Welcome to the first in a new series of articles in which we are going to be looking at the fundamentals of investing. We’re starting with one of the most important, and also the most difficult, questions of all: How much risk should you take?
Ask an economist to define risk when it comes to investment and they will most likely reply that it depends. Of course, there are complex mathematical models that attempt to quantify risks, but these on their own are never likely to be enough.
Risk related to any one investment often comes down to a whole bunch of other factors, like what is happening in the rest of your portfolio or what your consumption needs are at any one time or what’s happening with your job and income.
Risk and volatility are not the same thing
Sometimes you will hear risk being defined in terms of volatility, or the degree to which an individual investment goes up and down in price. But this an over-simplification and doesn’t take into account all the individual elements that come into play.
For instance, it means very little that your stock portfolio is gyrating wildly from day to day if your investment horizon is 20 years or more. Ultimately, what you are worried about is a permanent loss of capital. In contrast, if you’re three months away from retirement and the market drops 40%, that’s a risk you should be concerned about.
Ultimately, risk is not a number but a scenario — your money is lost, you don’t have enough to retire on, you can’t reach a specific goal, you can’t get easy access to your money, or you’re too exposed to a single stock, sector, country or currency.
In any case, volatility on its own tells you nothing. You might have two individual stocks with similar levels of volatility. But if one of them has poor returns at a time when you need the money or you’re out of a job, then it’s riskier for you.
Risk is not the same as uncertainty either
Another common misconception is mistaking risks for uncertainty. In both cases, no one can say for sure what is going to happen. But in the case of risk, we at least have a sense of the probabilities. If you flip a coin, for instance, you know there is a 50% chance of it coming up tails. Of course, you might throw heads ten times in a row, but the point is you know there are only two possible outcomes. You can judge the odds.
With uncertainty, you can’t model it. A rare event comes out of left-field, confounding all expectations. A metaphor often used here is a ‘black swan’ event, popularised in a 2007 book by Nassim Nicholas Taleb. Think of the 9/11 attacks or the global financial crisis.
Not taking risk is a risk in itself
The other frequently overlooked idea is that not taking any risks at all can be a risk in itself. For instance, by being overly defensive in your portfolio there’s a risk you may not have enough to retire on. Some level of risk is necessary because the flipside is the possibility of return. The key question is how much risk you can live with.

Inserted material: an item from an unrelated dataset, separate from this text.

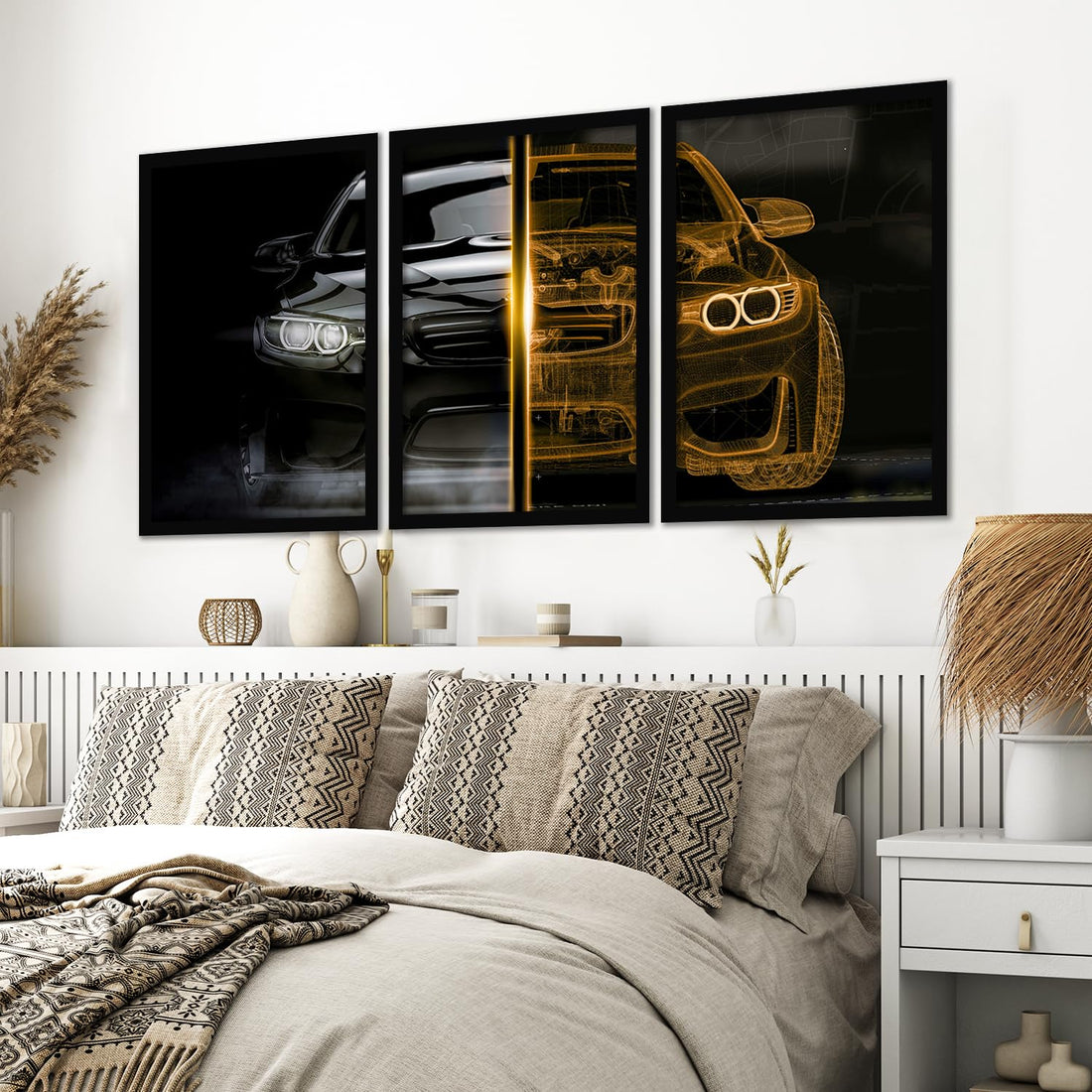 Transform your living space into a sophisticated automotive gallery with this stunning set of three...

Finally, in assessing risk it’s important to distinguish systematic risk from non-systematic risk. The first is something you can’t avoid. It goes with the territory. For instance, shares are considered riskier than bonds and for that reason they offer a higher expected return.
Non-systematic risk you can manage. If your entire portfolio was in banking stocks ahead of the global financial crisis, that was concentration risk — a type of non-systematic risk. You could have managed that by diversifying across different sectors.
There are lots of other types of risk, as well. Liquidity risk refers to how easily you can access your money. Credit risk refers to the possibility of a bond issuer defaulting. Inflation risk relates to a generalised rise in prices eating up the value of your investment.
The overall rule is that you want to take risks that are related to a reward. In general, markets reward risk over the long term, providing you are sufficiently diversified and disciplined and pay attention to factors within your control, such as costs and taxes.
Periods of discomfort are guaranteed
So, back to the question we asked at the start: How much risk should you take? Unfortunately, we are going to have to call on that economist answer again: it depends. It depends on you and your circumstances. What are your goals? What risks can you live with? How many risks do you need to take?
Ultimately, there isn’t one right answer. What we do know is there will inevitably be periods where you feel uncomfortable. That’s OK. Depending on your horizon, and assuming you are sufficiently diversified, you may be able to ride out that out.
Remember, these sorts of questions are complex, and it’s vital that you get them right. This series of articles is not intended as investment advice. TEBI always recommends working with a competent financial adviser with your best interests at heart.